Aby uspokoić zamieszki, policja ujawniła dane 17-letniego sprawcy. To urodzony w Wielkiej Brytanii syn imigrantów z Rwandy.

„Nie miejcie wątpliwości. Ci, którzy brali udział w tej przemocy, stawią czoła pełnej mocy prawa. Policja będzie dokonywać aresztowań, pojawią się zarzuty i wyroki skazujące. Gwarantuję, że ci, którzy brali udział w zamieszkach — czy to bezpośrednio, czy podżegając do przemocy w internecie, pożałują swoich działań” — powiedział w niedzielę 4 sierpnia w wystąpieniu prasowym Keir Starmer, premier Wielkiej Brytanii.

Premier podkreślił, że „wszyscy ludzie w tym kraju mają prawo do bezpieczeństwa”. Potępił „bezpodstawne ataki na społeczności muzułmańskie, meczety, nazistowskie saluty na ulicy, ataki na policję, bezmyślną przemoc i rasistowską retorykę”. Stramer podkreślił też, że nie będzie stronił od „nazywania tego tym, czym jest”: „To nie żadne protesty, to skrajnie prawicowy bandytyzm” – powiedział.

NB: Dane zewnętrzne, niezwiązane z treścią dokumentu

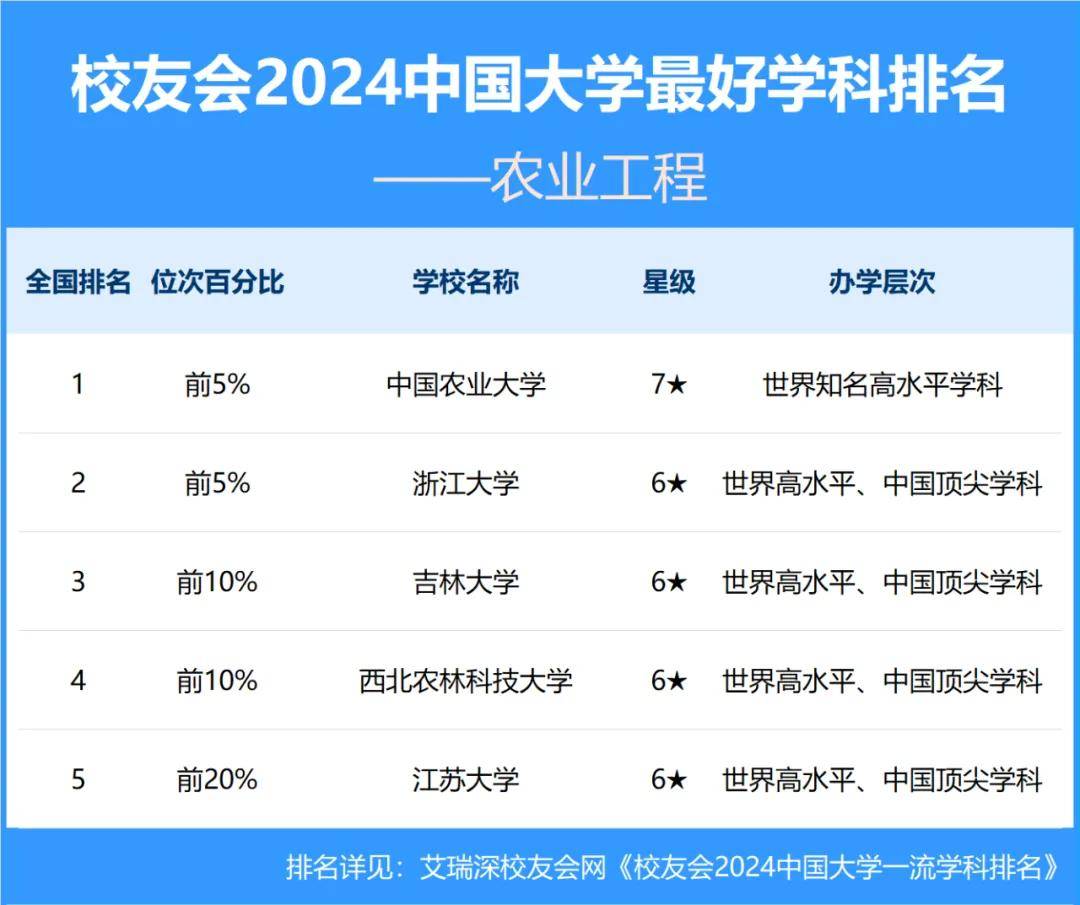 中国农业大学位居校友会2024中国最好学科排名(农业工程)第一

„Do tych, którzy czują się celem ataków ze względu na kolor skóry lub wiarę: wiem, jak przerażające to musi być. Chcę, abyście wiedzieli, że ten brutalny tłum nie reprezentuje naszego kraju (...). Przestępstwo to przestępstwo i ten rząd się z nim rozprawi” – powiedział Stramer.

Na poniedziałek premier oraz ministra spraw wewnętrznych Yvette Cooper zwołali nadzwyczajne spotkanie z szefami brytyjskiej policji — donosi Reuters. W wielu miastach działają też sztaby kryzysowe. Rząd rozważa zaangażowanie armii dla wsparcia sił policyjnych.